_Description of the task_
Begin at the line with "화면에 표시된 아이콘은" and output every line through the end of the records, exactly as given. Omit pictures.

(Stored dataset items)
------------------------------------------------------------------------
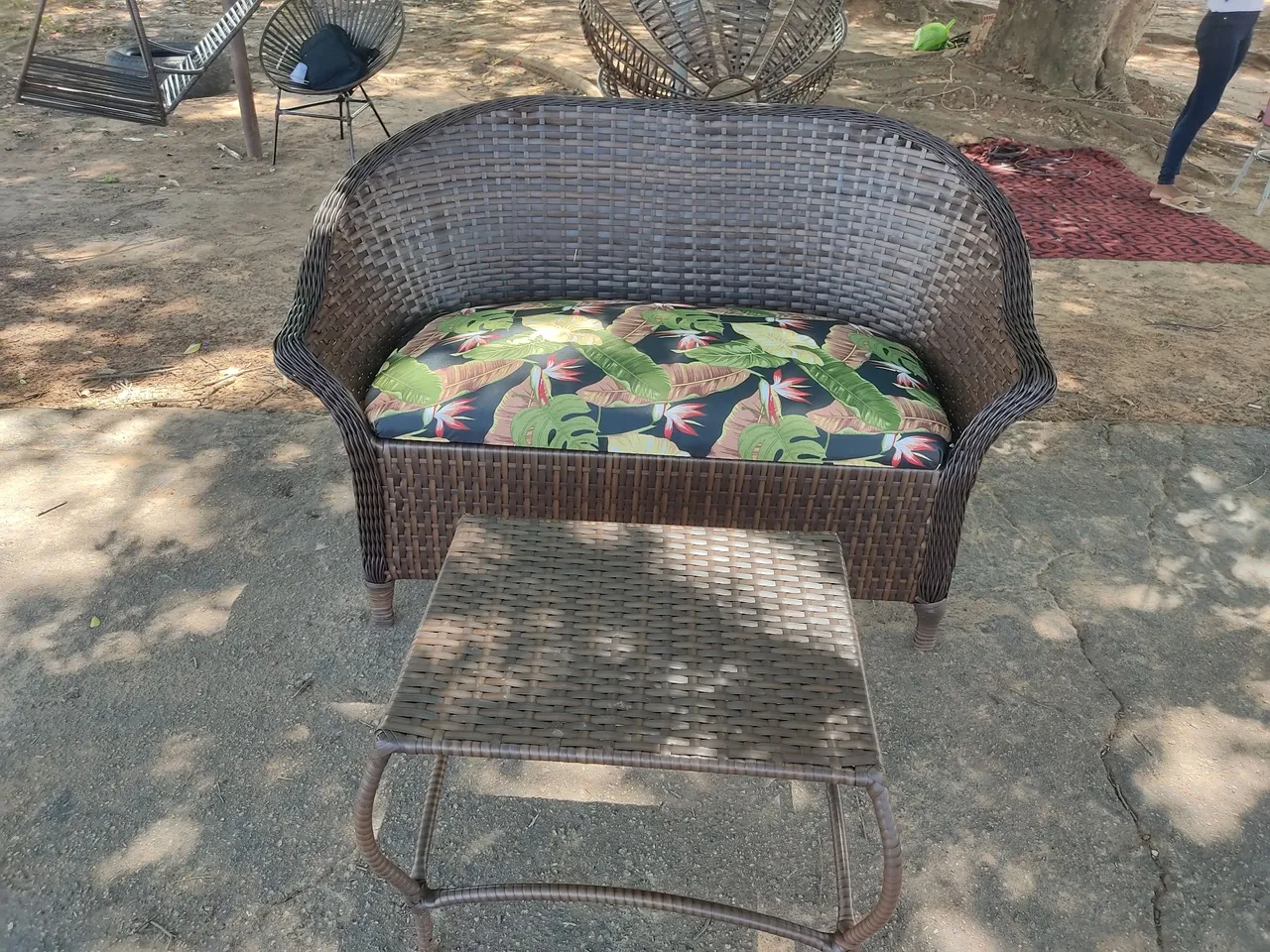 Sofá de fibra , com 2 lugares e almofadas confortáveis. Ideal para relaxar e receber amigos.
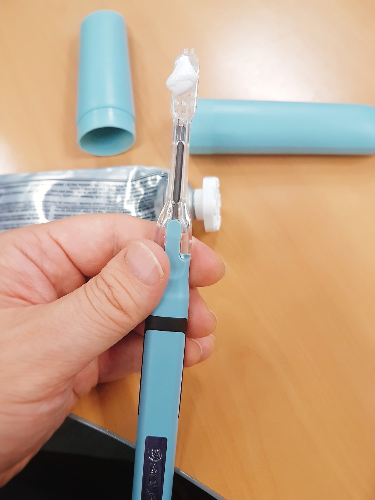 처음에는 치약없이 간소하게 칫솔을 휴대한다는 측면만 생각했다. 칫솔 보관의 맹점은 칫솔보다는 치약의 크기였고, 치약을 다 사용했을때를 파악하지 못하거나 맹숭하게 치약을 놔두고 왔을때다. 나 또한 파우치, 여행용 플라스틱 케이스 등을 다 고려해 보았지만, 석연치 않았다.
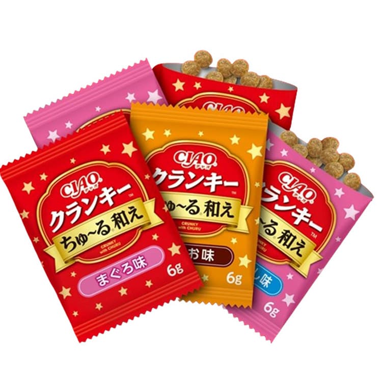 ・「ちゅ~る まぐろ」が中まで染み込んだカリカリ粒におさかなパウダーで粒をコーティングした美味しいおやつです。
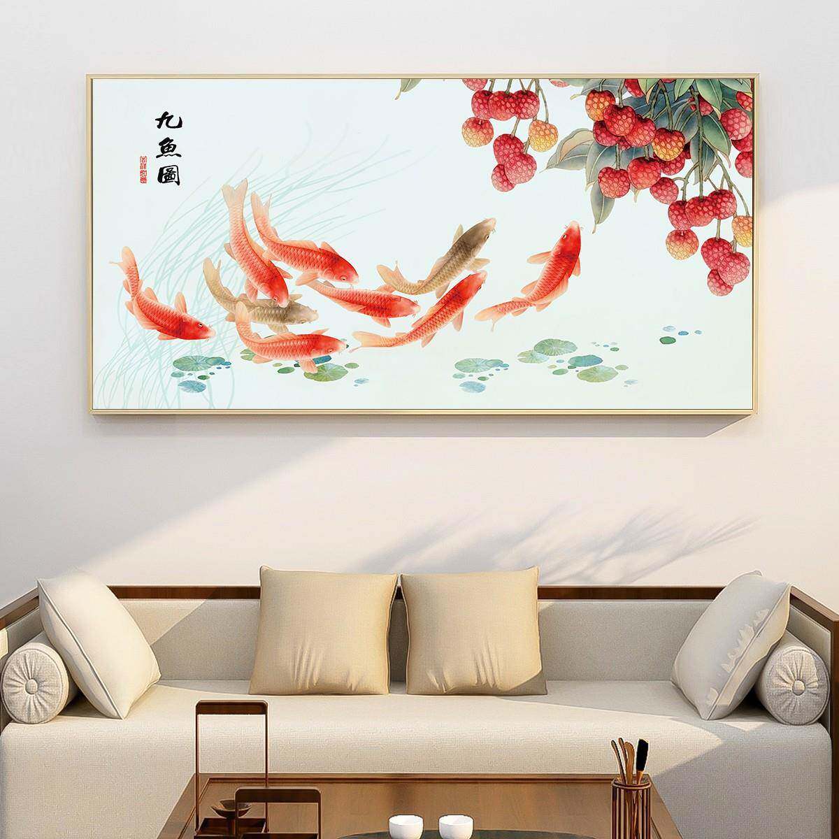 📚 吉大利九鱼图客厅沙装饰画餐好发寓意鲤鱼厅JK1156大荔枝新中式横
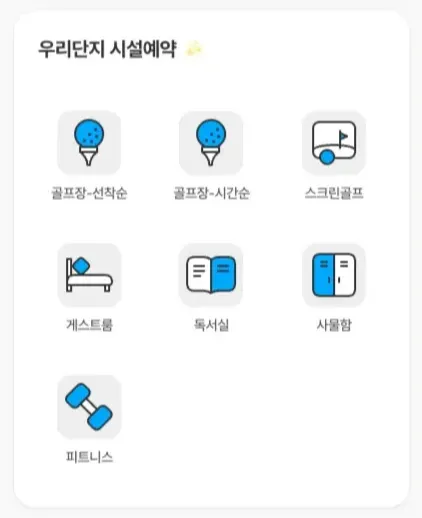 화면에 표시된 아이콘은 커뮤니티 시설을 분류한 항목이며, 원하는 아이콘을 선택하면 해당 시설에서 예약 가능한 시설들을 확인할 수 있습니다.
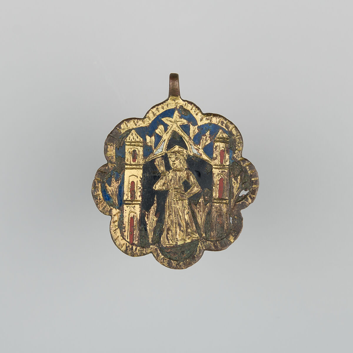 Heraldry, or coat-of-arms, were vitally important in Europe throughout the Middle Ages and the Renaissance. Heraldic emblems were used to identify noble families, cities, regions, and even countries. In addition to being displayed on shields and flags, heraldry was incorporated into architectural decoration on the interior and the exterior of buildings, on furniture, works of art, clothing, and horse equipment. Harness pendants, like this example, would have been attached to a headstall, bridle, or other straps making up the tack of a horse ridden by a nobleman or noblewoman, or a member of their household. Many harness pendants also have decoration that is simply ornamental, or have symbols that are not specifically heraldic in nature.
------------------------------------------------------------------------
_Task solution_
 화면에 표시된 아이콘은 커뮤니티 시설을 분류한 항목이며, 원하는 아이콘을 선택하면 해당 시설에서 예약 가능한 시설들을 확인할 수 있습니다.
 Heraldry, or coat-of-arms, were vitally important in Europe throughout the Middle Ages and the Renaissance. Heraldic emblems were used to identify noble families, cities, regions, and even countries. In addition to being displayed on shields and flags, heraldry was incorporated into architectural decoration on the interior and the exterior of buildings, on furniture, works of art, clothing, and horse equipment. Harness pendants, like this example, would have been attached to a headstall, bridle, or other straps making up the tack of a horse ridden by a nobleman or noblewoman, or a member of their household. Many harness pendants also have decoration that is simply ornamental, or have symbols that are not specifically heraldic in nature.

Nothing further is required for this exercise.